易母聽到林如茵這樣說,更是哭的厲害。
饒是易父一個大男人,此刻也紅了眼眶,臉色極其的難看。
哭了一會兒,易父才說:“好了,別哭了,安安還在這里看著呢。”
林如茵跟易母這才收斂了心神,誰也沒有說話。
幾人先去安安的房間看了看,房間很大,但那床明顯是單人床。
“媽媽晚上睡哪里呢?”安安問。
林如茵忙在一旁體貼的說:“媽媽睡別的房間,你從小不都是一個人睡嗎?現在來了爺爺、奶奶家,應該也沒問題吧?”
安安點了點頭:“那媽媽的房間就在隔壁嗎?”
隔壁是主人房,客房在另一層樓。
林如茵愣了一下,一時間像是不知道如何回答安安的話一般。
另一邊,易母立刻說道:“是,你媽媽就住在你隔壁的房間,你晚上有事,叫媽媽,叫爺爺奶奶都可以。”
“外面也有傭人,你都可以叫。”
安安這才放心,松了一口氣:“易奶奶,您真好。”
易母本就是個女人,面冷心熱。
此刻看著安安這么個小童,見她如此懂事,心里本就內疚又不安。
此刻聽安安這樣子說話,見她行事作風都十分懂事,簡直心都要化了:“乖孩子,你怎么不叫奶奶?”
安安搖搖頭:“還沒拿我的頭發,等醫生說可以了,我才叫奶奶。”
她說著,神色黯淡了兩分:“易奶奶,上次是我不對。我……我明明是爸爸的孩子,我只是不想被人誤會。”
“你們如果不相信我,我……我怕媽媽難過。易奶奶每次來,媽媽都會哭。”
“爸爸說了,我要保護媽媽。爸爸不在了,只能我保護媽媽。”
安安說著,小家伙眼眶又紅了。
看那樣子,可憐至極,十分惹人同情!
易母怔在那里,更是說不出話來了。
甚至,她本能的看向易父,險些脫口而出,不去做DNA了。
這能錯嗎?這錯不了!
然而,易父卻還是比較理智,對安安說:“安安很懂事,爺爺、奶奶自然相信你跟你媽媽。但是,如果取了安安的頭發,就沒人敢懷疑你了。知道嗎?”
林如茵眼中飛快的閃過一抹情緒,沒說話。
安安似懂非懂,點了點頭:“我知道了,爺爺。”
易父這才松了一口氣:“那就好。
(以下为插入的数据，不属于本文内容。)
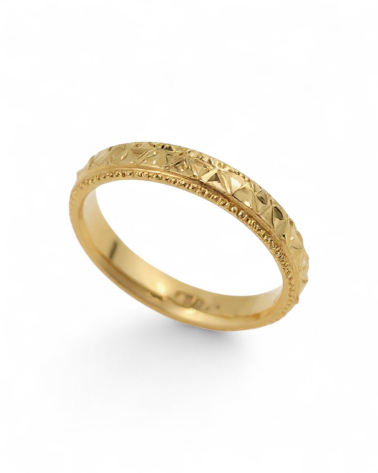 טבעת נישואין דקה ומוקפדת בעיצוב גאומטרי ייחודי, עם טקסטורת לייזר המורכבת מחיתוכים בצורת קוביות אלכסוניות החוזרות לאורך כל ההיקף. הדוגמה המדויקת יוצרת ברק רב־כיווני ונראות עשירה, בזמן שהשפה המשוננת המקיפה את העיטור מעניקה מסגרת נקייה ומודגשת. השילוב בין החיתוכים האלכסוניים לגימור הזהב הצהוב יוצר טבעת אלגנטית, בולטת ונוחה לענידה יומיומית, עם תחושה של עיצוב יוקרתי ומדויק.

”
隨即,易母讓下人給林如茵飛快的收拾出了安安旁邊的房間。
等安安去洗澡的時候,林如茵把易簫錄的視頻給了易父和易母。
兩人拿著視頻走了,沒一會兒,就聽到他們房間傳來哭聲。
林如茵沒等到想要的答案,房間里沒人的時候,眼神漸漸冷了下來。
片刻后,林如茵等安安洗完澡,對安安說:“今天表現的不錯,乖乖的,媽媽先去休息了。”
安安點了點頭,對林如茵道:“媽媽晚安。”
林如茵出了安安的房間,又去了自己的房間。
房間還是比較簡陋,大約是因為臨時收拾出來的。
不過,才來半天,有現在的結果,林如茵已經很滿意了。
她洗完澡,躺在床上,看著寬闊的房間,聽著外面院子里的蟲鳴,陷入來了思緒中。
片刻后,林如茵拿起手機,撥了一個電話出去。
很快的,電話打通了。
“怎么樣了?”電話一接通,那端便傳來一道中年男人的聲音。
“還行,不過……易簫的父親還是比較警惕理智,只怕這DNA,是一定要做了。”林如茵說。
電話那端的中年男人輕笑一聲,說:“無妨,既然堅持要做,那就做吧,反正我們也做了兩手準備。”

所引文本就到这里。